I bought the car knowing is was an entry-level economy car, but from day one it has impressed me with every aspect of ownership. I am actually proud of these little cars and tell every who will listen about it. . 

This community has enhanced my experience with everyone's knowledge, insight and passion. I have learned so much from you all and enjoy reading about your journeys as well. 




Sent from AutoGuide.com Free App


----------



## Rivergoer (Mar 30, 2017)

Congrats on the milestone Brad, well done!

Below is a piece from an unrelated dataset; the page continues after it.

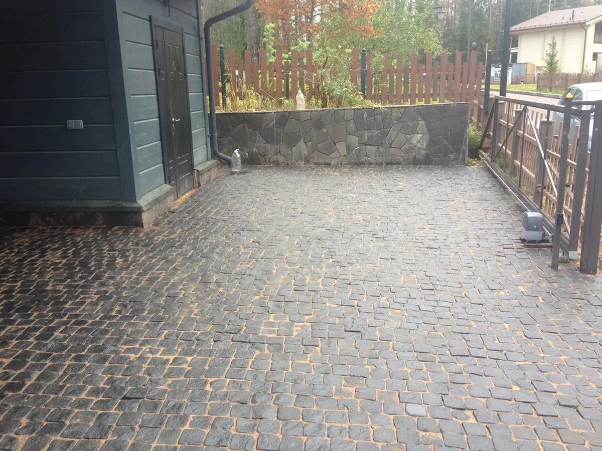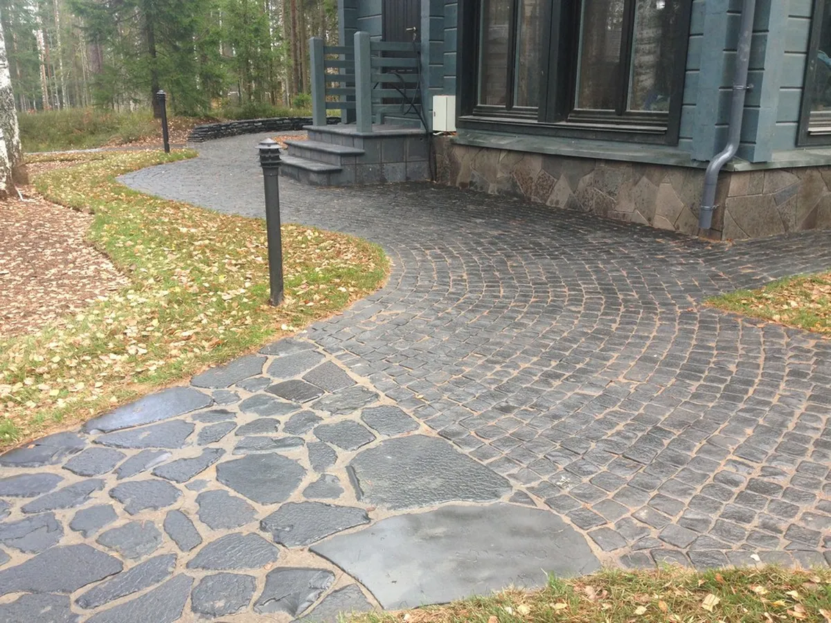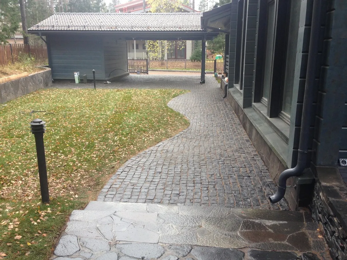 Мощение полностью выполнено из натурального камня, гранитной брусчатки (диабаз) и шунгита (галтованный, рваной формы) в комбинированном варианте.

I have to agree with your comments about this community and the many valuable insights posted herein. The CTD is indeed an amazing car. It LIVES for the open road, sips diesel even more sparingly than the TDI (unbelievable) without sacrificing torque making it a fun driver too. 

May your fourth tank go another 33,000 miles LOL


----------



## jblackburn (Apr 14, 2012)

Nice!

Man you diesel guys all seem to drive a lot. Probably why you bought a diesel, I suppose. How many miles do you do per day?


----------



## pacolino (Aug 1, 2015)

BradHerr said:


> Well I was planning on doing a big write up on the first 100k in my diesel. I was all excited about how little maintenance it required and how reliable it has been. I am still excited about all of that, but it seems mine is not a unique story. Several other members have over 100k miles with very few repair visits to the dealer.
> 
> It still felt like I reached a milestone this morning when the odometer clicked over to 6-digits though. Car is still going strong with the original tires, brakes, battery and air filter. The fuel filter has been changed twice and I've only had to put fuel in the tank three times! Kidding.
> 
> ...


Congrats Brad, many miles on you from now on! ?

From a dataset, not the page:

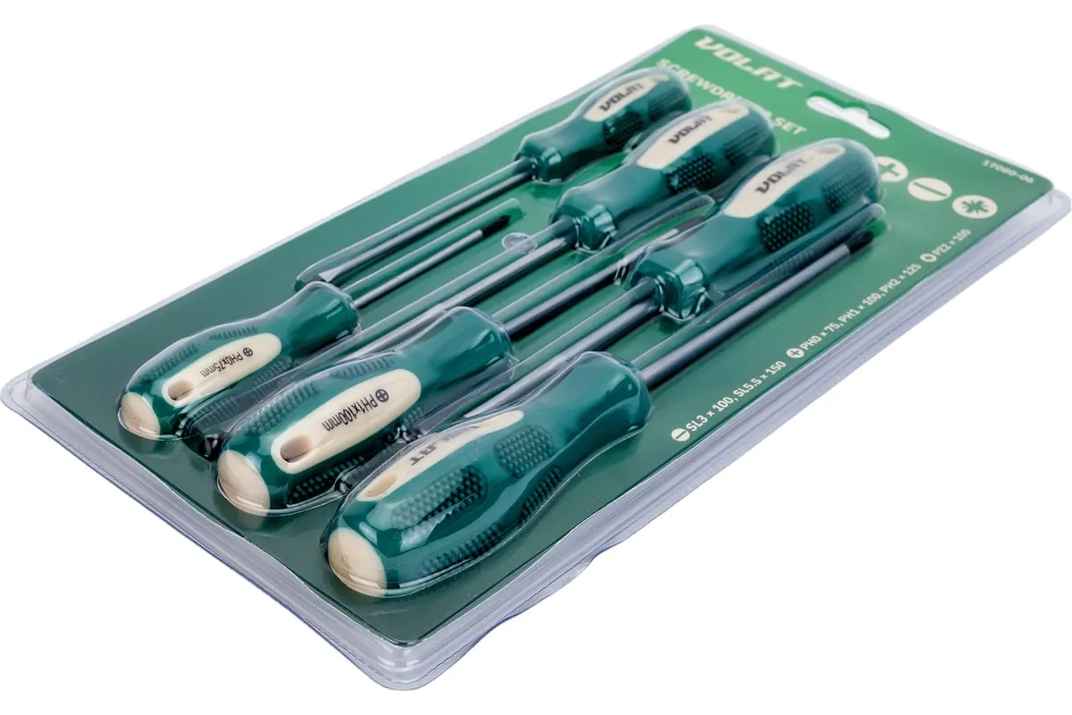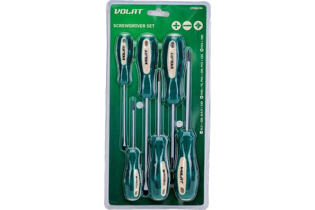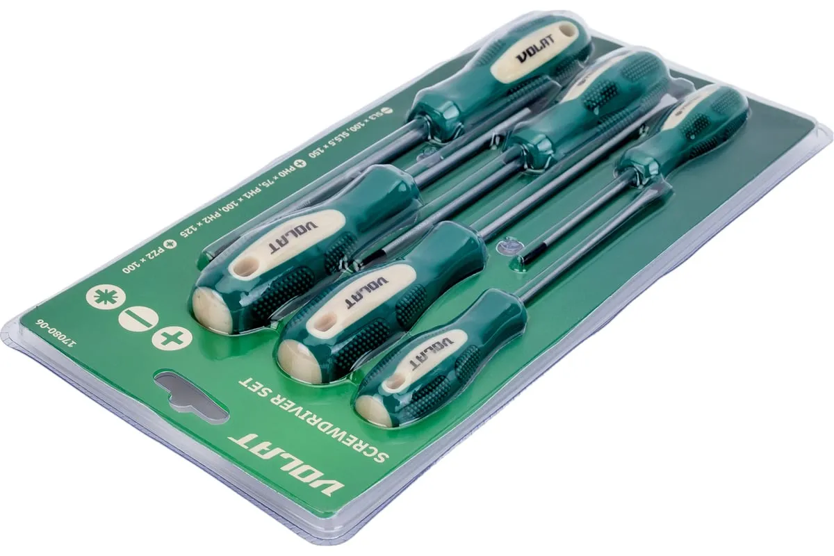 Набор отверток ВОЛАТ 6 предметов 17080-06 предназначен для монтажа и демонтажа резьбовых соединений. Эргономичная противоскользящая рукоятка обеспечивает удобный и надежный хват. Рабочие концы намагничены для удобного удержания крепежа. Стержни отверток выполнены из качественной стали высокой прочности.

Sent from my LGMS631 using Tapatalk


----------



## BradHerr (Sep 29, 2013)

jblackburn said:


> Nice!
> 
> Man you diesel guys all seem to drive a lot. Probably why you bought a diesel, I suppose. How many miles do you do per day?


I am doing 188 miles on my daily round trip commute. I work 4, 10 hour days normally. Lately it has been 5 and 6 day weeks though. 

It is a lot of driving and makes for long days but I get Friday, Saturday and Sunday off most weeks. 


Sent from AutoGuide.com Free App


----------



## IndyDiesel (May 24, 2015)

Well done Brad. I am currently driving about the same as you are for now. I have had zero problems in almost 30k miles, hoping it stays that way. Congrats on making first 100k


----------



## mkohan (Dec 19, 2015)

Congrats,


----------



## HarleyGTP (Dec 14, 2013)

Congrats! It's great to hear you haven't had as many problems as some of us have experienced!


----------



## Aaron/VA (Oct 23, 2016)

That's awesome. I'm still relatively new in the ctd world. But 110 miles a day 5-6 days a week will add up quick. I've put 7k on mine since I bought it. 57k total. Hopefully, I'm just starting to break her in. 

Congrats on your milestone. And to many more. 

Sent from my SCH-R970 using Tapatalk


----------



## boraz (Aug 29, 2013)

jblackburn said:


> Nice!
> 
> Man you diesel guys all seem to drive a lot. Probably why you bought a diesel, I suppose. How many miles do you do per day?


work is 500 miles away, but i stay there for a week to 3 weeks.

also diesel is on avg 50 cents a gallon cheaper than mid grade gasoline, let alone premium, which alot of newer cars seem to want/need.


----------



## Dieselfever (Feb 23, 2017)

Rivergoer said:


> The CTD is indeed an amazing car. It LIVES for the open road, sips diesel even more sparingly than the TDI (unbelievable) without sacrificing torque making it a fun driver too.


And, has more hp and torque than the TDI. The emissions can be problematic, but a warranty purchased from Oz Tuner will fix that forever. 

We are looking forward to our first 100k. My wife drives the CTD 80 miles round trip a day and I drive it 800 miles round trip once a month to visit my father. I fill up before I leave and can make the whole round trip on one tank. Go diesel or don't go at all!


----------



## BradHerr (Sep 29, 2013)

Peeking through my wheels, I noticed my brakes don't appear to be wearing much at all.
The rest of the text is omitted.